Personne, dans les bureaux, ne put comprendre un mot de leur langage, ni déchiffrer une ligne de leurs passeports chargés de visas extravagants. Comme on les traînait de corridor en corridor, et que leur présence faisait sensation dans le vieux local où régnait le préfet Gisquet, un Polonais, qui, en quête d’un parapluie égaré, cherchait le guichet des objets perdus, eut la complaisance de s’immiscer dans l’aventure et déclara parfaitement authentiques et valables les visas russes et polonais, et crut bien reconnaître que ces vagabonds venaient de Perse, par Constantinople et Varsovie. Quelqu’un qui passait dit :

« Il faudrait les conduire à M. Jouannin, qui a longtemps habité la Perse. »

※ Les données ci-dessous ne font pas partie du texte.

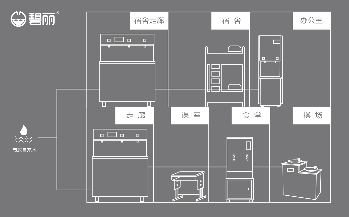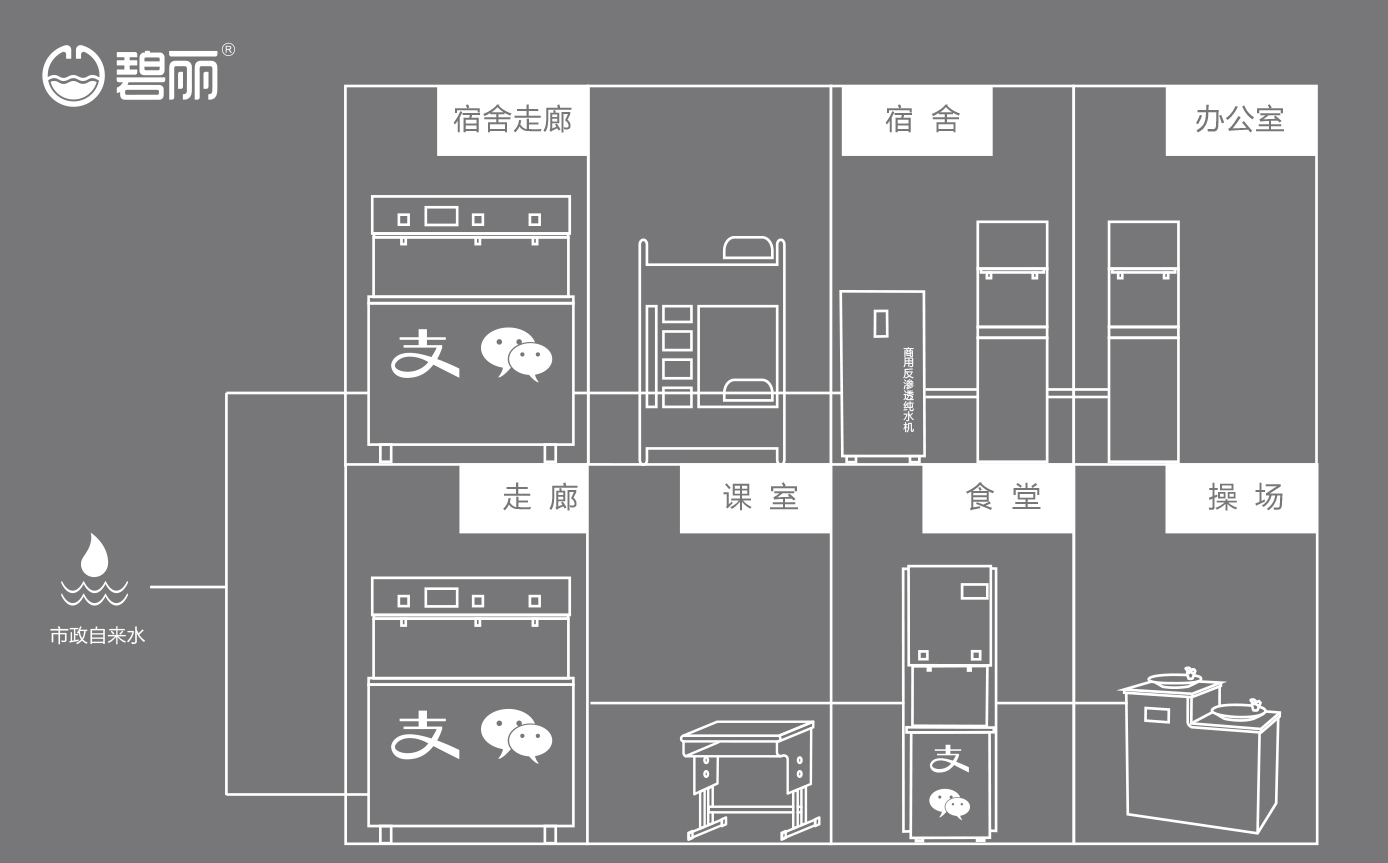 不同的飲水點(diǎn)可根據(jù)實(shí)際使用情況,安裝管線機(jī)或飲水設(shè)備或開水器,使用戶能喝上開水、溫開水、純凈水等,來滿足不同場(chǎng)景的飲水需求;

Un agent fut chargé de la mission. M. Jouannin, qui, au temps de l’Empire, avait été chargé d’affaires à Téhéran, était bien connu à Paris. Par bonheur on le trouva chez lui. À sa vue, David poussa un cri de joie, se prosterna et, sanglotant d’émotion, il se traîna sur les genoux jusqu’aux pieds du vieux diplomate ébahi. David, fils de Gabriel, venait de reconnaître en lui ce Français qui, vingt ans auparavant, avait séjourné durant quelques jours à Khorrem-Abad, et auquel il avait servi de palefrenier. Le pauvre homme n’en revenait pas d’avoir été conduit, dès son arrivée, chez celui qu’il désirait voir, et qu’il s’était d’avance résigné à chercher durant plusieurs semaines. Il reconnut là l’intervention divine, et quand son émotion fut un peu calmée, il exposa à M. Jouannin le but de son voyage.

Le dénouement ne fait de doute pour personne. M. Jouannin avait de belles relations ; l’histoire merveilleuse des trois Persans se répandit dans toute la ville. David, Kiril et Yousouf connurent une vogue semblable à celle qui, vers la même époque, avait accueilli la Girafe, et dont devaient si largement bénéficier plus tard les frères Siamois. Tandis que les gens du monde organisaient une loterie au profit des habitants de Khorrem-Abad, les trois Arméniens, mis aux enchères, reçurent des offres magnifiques de la part des cafetiers des boulevards, désireux de les engager afin d’achalander leur établissement. Rien que pour figurer durant un mois dans un comptoir, on proposait des sommes bien supérieures à celle dont ils avaient besoin. Mais cette humiliation leur fut épargnée ; la loterie suffit, ou à peu près, à parfaire le chiffre. Le gouvernement l’arrondit et se chargea d’envoyer l’argent aux créanciers par les soins de ses consuls. La générosité des Parisiens permit même aux trois Persans de retourner dans leur pays en s’offrant le détour de Rome, et en voyageant de façon plus confortable qu’ils ne l’avaient fait jusqu’alors.

Je pense que, à Khorrem-Abad, ce fait singulier n’est pas oublié. S’il s’est, en effet, transmis par la tradition, il y a là-bas, certainement, des braves gens qui suivent avec une reconnaissante inquiétude les démêlés des peuples européens et qui forment des vœux pour la prospérité de la France à laquelle leurs ancêtres ont dû leur salut.

 

 

 

Georges LENÔTRE, Histoires étranges qui sont arrivées.